SRY is the critical gene that initiates male sex determination in
most mammals. The best direct target for SRY is Sox9. In order to
determine whether SRY or WDR5 can regulate Sox9 expression,
we established LNCaP cell lines which expressed either SRY,
WDR5, or both together with the nuclear orphan receptor,
steroidogenic factor (SF1). Real time PCR results indicated that
SRY and WDR5 together activated the expression of Sox9
significantly more than either alone (Fig. 5D). Consistent with their
function in triggering male sex determination, SRY and WDR5
significantly reduced the expression levels of b-catenin, which is
important for development of ovaries (Fig. 5E). Expression of
WDR5, HA tagged SRY, and HA tagged SF1 was confirmed by
Western blot (Fig. 5F). To further probe the direct role of WDR5
alone on Sox9 expression, we generated two WDR5 knockdown
(WDR5i-1 and WDR5i-2) LNCaP cell lines using specific short
hairpin RNAs, and a scrambled control line.

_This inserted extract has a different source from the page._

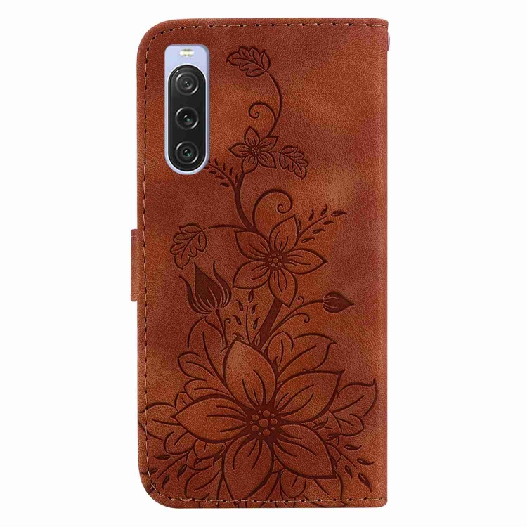Funda de Cuero En Relieve para Sony Xperia 10 V Lily (Marrón)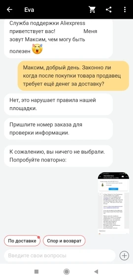 Он так и не пришел, и мне пришлось открыть спор, потому что продавец не ответил

In the knockdown
lines, WDR5 levels were reduced to about 20% of the scrambled
cells (Fig. 5G, 5H), and Q-RT-PCR demonstrated a 20-45%
decrease in Sox9 expression in these cells compared to control cells
(Fig. 5I). In aggregate, these results suggest that WDR5 together
with SRY could play an important role in sex determination.
Localization of the WDR5 protein and expression of the
WDR5 gene in the murine embryonic testis
To study the expression pattern of WDR5 in mouse embryonic
testis, timed-pregnant mice were set up. Genital ridges from
different days of these mice were collected and sectioned for
immunofluorescent analysis with specific antibodies. At 11.5 dpc
(days post-coitum), WDR5 was localized to germ cells and co-
localized with Sox9 in somatic cells (Fig. 6A). At 12.5 dpc, WDR5
immunopositive cells were found predominantly in germ cells and
occasionally in Sertoli cells (Fig. 6B). At 13.5 dpc, WDR5 was
detected in germ cells, Sertoli cells, and in the interstitium
(Fig. 6C). Of note, WDR5 was mostly localized in the cytoplasm
rather than in the nucleus. It has previously been reported that
WDR5 is more abundant in the cytoplasm than in the nucleus of
human embryonic kidney 293 cells, and that it can be translocated
from the nucleus to the cytoplasm during viral infection [21].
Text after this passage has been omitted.